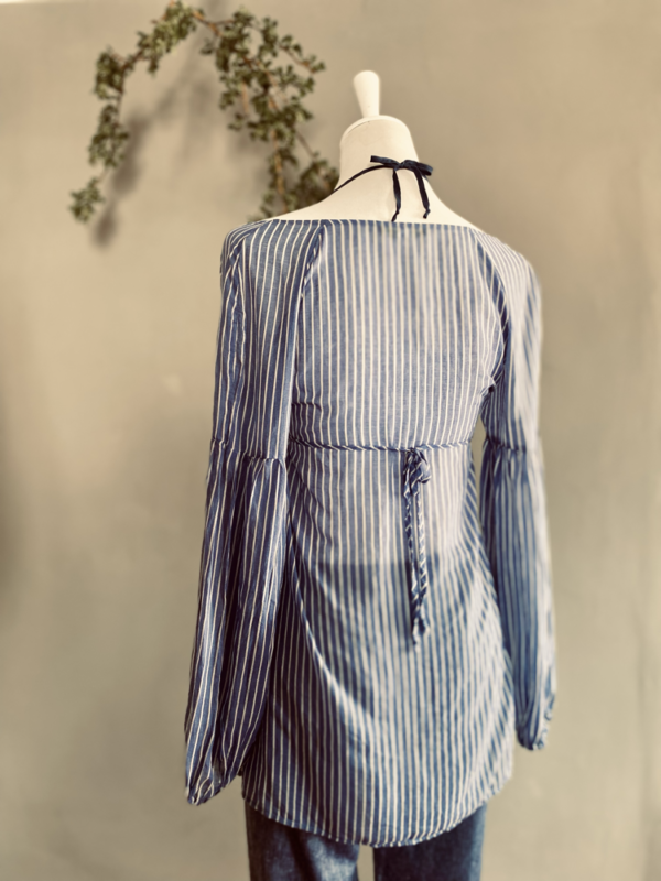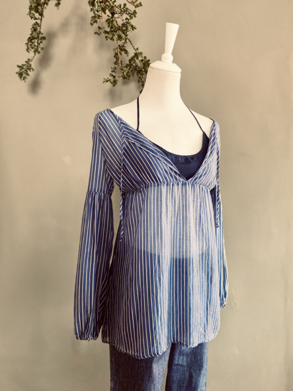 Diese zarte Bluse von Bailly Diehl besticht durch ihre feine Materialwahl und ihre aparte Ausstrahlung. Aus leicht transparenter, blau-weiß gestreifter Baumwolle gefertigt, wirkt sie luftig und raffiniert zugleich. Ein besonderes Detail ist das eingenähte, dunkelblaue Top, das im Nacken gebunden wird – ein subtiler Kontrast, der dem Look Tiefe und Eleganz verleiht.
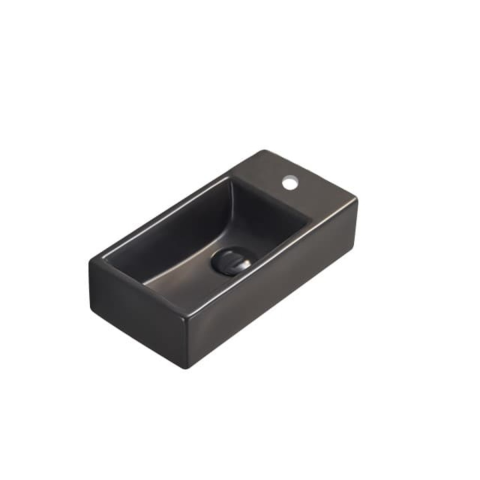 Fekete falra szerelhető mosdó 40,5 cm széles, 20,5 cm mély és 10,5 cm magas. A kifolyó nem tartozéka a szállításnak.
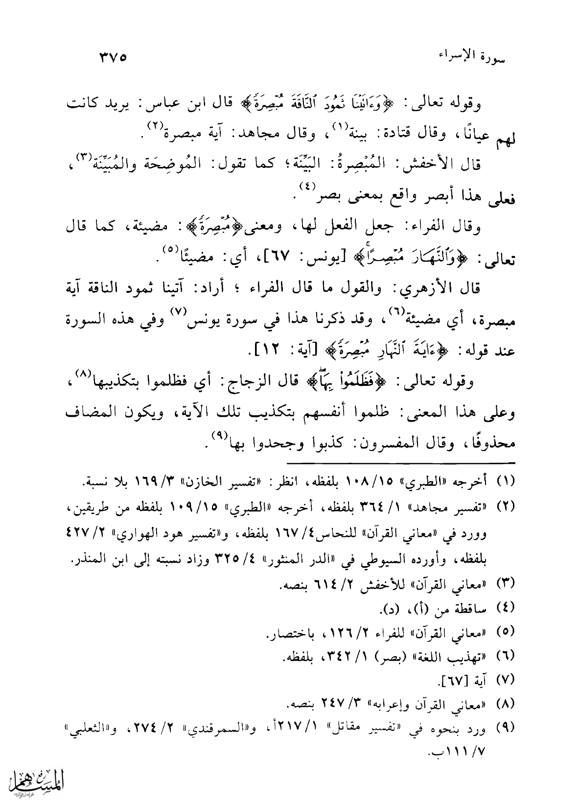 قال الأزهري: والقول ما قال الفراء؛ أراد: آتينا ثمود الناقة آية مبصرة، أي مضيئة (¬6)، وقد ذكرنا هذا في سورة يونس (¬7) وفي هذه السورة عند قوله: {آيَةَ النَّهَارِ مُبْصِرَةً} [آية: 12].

--

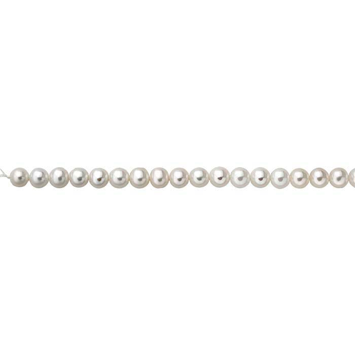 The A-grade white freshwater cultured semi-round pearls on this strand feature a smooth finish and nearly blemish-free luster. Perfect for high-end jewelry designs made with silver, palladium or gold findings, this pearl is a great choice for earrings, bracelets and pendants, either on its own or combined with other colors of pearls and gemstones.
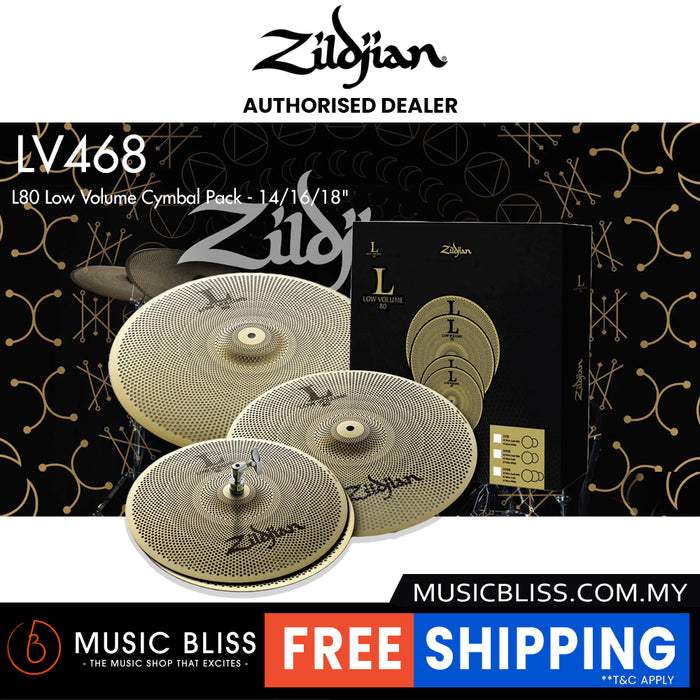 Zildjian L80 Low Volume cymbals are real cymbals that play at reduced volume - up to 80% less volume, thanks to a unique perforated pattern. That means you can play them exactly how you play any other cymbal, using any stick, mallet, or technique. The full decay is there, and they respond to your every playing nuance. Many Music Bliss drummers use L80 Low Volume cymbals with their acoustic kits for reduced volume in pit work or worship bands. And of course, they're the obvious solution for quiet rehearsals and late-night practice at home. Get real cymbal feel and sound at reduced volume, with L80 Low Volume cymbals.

...

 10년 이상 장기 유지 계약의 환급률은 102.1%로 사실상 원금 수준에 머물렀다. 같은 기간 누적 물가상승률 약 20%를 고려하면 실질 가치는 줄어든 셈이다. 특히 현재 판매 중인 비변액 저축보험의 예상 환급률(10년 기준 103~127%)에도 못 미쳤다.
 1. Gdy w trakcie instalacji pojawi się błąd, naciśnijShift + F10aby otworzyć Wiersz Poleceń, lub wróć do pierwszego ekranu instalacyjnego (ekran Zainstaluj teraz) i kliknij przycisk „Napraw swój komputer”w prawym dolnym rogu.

# TASK GOAL
I would like the exact lines from the data above, starting with the one that holds "Diese zarte Bluse" and going on through the one that holds "Fekete falra szerelhető", without the pictures.

# ANSWER TO THE EXERCISE
 Diese zarte Bluse von Bailly Diehl besticht durch ihre feine Materialwahl und ihre aparte Ausstrahlung. Aus leicht transparenter, blau-weiß gestreifter Baumwolle gefertigt, wirkt sie luftig und raffiniert zugleich. Ein besonderes Detail ist das eingenähte, dunkelblaue Top, das im Nacken gebunden wird – ein subtiler Kontrast, der dem Look Tiefe und Eleganz verleiht.
 Fekete falra szerelhető mosdó 40,5 cm széles, 20,5 cm mély és 10,5 cm magas. A kifolyó nem tartozéka a szállításnak.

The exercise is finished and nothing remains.